Yudhonoyo, who takes a keen interest in environmental protection, gave his Wednesday address at the Center for International Forestry Research (CIFOR) headquarters in Bogor, West Java. He was commended by CIFOR director general Frances Seymour for Indonesia’s recent efforts to protect its forests.
Seymour cited Indonesia’s execution of Principle 10 of the Rio Declaration, made at the 1992 Earth Summit, that stipulates "environmental issues are best handled with the participation of all concerned citizens, at the relevant level" and "states shall facilitate and encourage public awareness and participation by making information widely available".
"Indonesia has made enormous progress in realising the objectives of Principle 10 over the last 20 years, including with respect to the management of its vast forests," Seymour said.
She also referred to Indonesia’s role as host of the first Ministerial on Forest Law Enforcement and Governance to address the problem of illegal logging in September 2001.
Indonesia has the third largest tropical forest in the world, and as such is a key player in combatting climate change. Its forests are sites of great biodiversity, holding about 12 per cent of the world’s species of mammals and 16 per cent of the world’s reptile and amphibian species.
It also has the second largest growth of mangrove forests, which aside from its role as carbon stock, are the habitats for marine life and act as a barrier for communities against destructive storms. The country holds 50 percent of the world’s tropical peatlands that store great amounts of carbon.
Yet the Indonesian Forestry Ministry estimates that Indonesia has been losing between 1.6 million and 2.8 million hectares of forest every year to illegal logging and land conversion over the past few years, as reported by the United Nations Office on Drugs and Crime.
"In the 1970s and 1980s … our forestry policy was to allow anyone to cut our forests so long as it gave benefits to development," Yudhoyono said.

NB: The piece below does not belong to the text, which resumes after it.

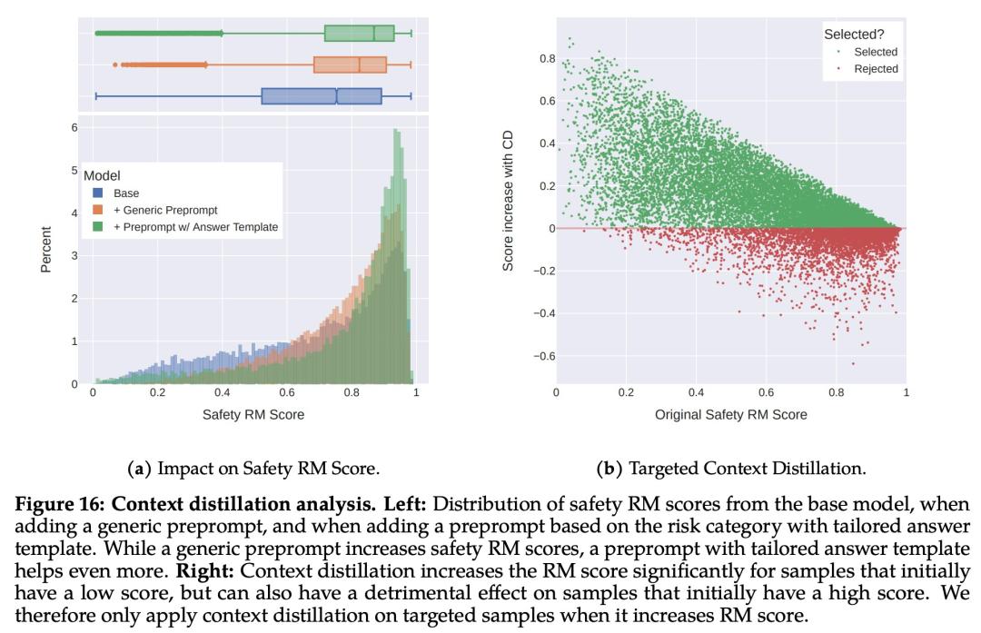 最后,Meta 通过上下文蒸馏完善了 RLHF 流程。这涉及到通过在 prompt 前加上安全前置 prompt 来生成更安全的模型响应,例如「你是一个安全且负责任的助手」,然后在没有前置 prompt 的情况下根据更安全的响应微调模型,这本质上是提取了安全前置 prompt(上下文)进入模型。

"It seemed the logical thing to do back then. We had lots of forests; we had to reduce poverty; we needed to grow our economy. As a result, there was a time when we experienced very serious deforestation. Today, such a policy is no longer tenable … That’s why Indonesia has reversed course by committing to sustainable forestry."
In 2011, the country established a two-year moratorium on new forest concessions, and made forest-related maps publicly available for the first time. In May the same year, Indonesia became the first country in Asia to negotiate a Voluntary Partnership Agreement with the European Union to ensure the legal trade of timber.

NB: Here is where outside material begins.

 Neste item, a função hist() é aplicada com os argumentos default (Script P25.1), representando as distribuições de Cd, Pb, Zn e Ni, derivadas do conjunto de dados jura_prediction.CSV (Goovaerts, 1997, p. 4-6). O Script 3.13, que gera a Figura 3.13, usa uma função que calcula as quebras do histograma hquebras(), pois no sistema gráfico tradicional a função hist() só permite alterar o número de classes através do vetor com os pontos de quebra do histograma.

The omission of forestry issues from the Rio+20 zero draft agenda’s (pdf) list of critical components has caused consternation among scientists at CIFOR.
The first Rio meeting, the 1992 Earth Summit, produced the "Non-Legally Binding Authoritative Statement of Principles for a Global Consensus on the Management, Conservation and Sustainable Development of All Types of Forests" document, which supported sustainable forest management to "meet the social, economic, ecological, cultural and spiritual needs of present and future generations.

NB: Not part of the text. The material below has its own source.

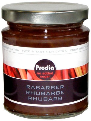 Rabarber 55%, zoetstoffen (maltitol, sorbitol), fructose, geleermiddel: appelpectine, citroensap. Bevat van nature aanwezige suikers (afkomstig van het fruit).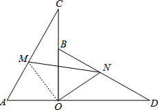 分析:连接OM,根据条件可以得出△AOC≌△BOD就可以得出AC=BD,由直角三角形的性质就可以得出∠A=∠AOM,∠NBO=∠NOB就可以得出∠NOB=∠MOA,就可以得出∠NOM=90°,MO=NO,由勾股定理就可以得出结论.

Forests, which constitute 31 percent of the world’s land area, provide about one billion people with livelihoods. A Center for International Forestry Research (CIFOR) Poverty and Environment Network study found that forest income makes up almost one-quarter of total household income for people living in or near forests.
"The absence of forests from this year’s agenda is remarkable. The first Rio meeting put a very big emphasis on forests and subsequently set the stage for all major international environmental agreements, such as the UN Framework Convention on Climate Change and the UN Convention on Biodiversity," senior climate change scientist Louis Verchot wrote recently on the center’s Forest News blog.
"With forests only mentioned briefly in the text and in isolation to other key issues, will Rio+20 really help develop a future we want?"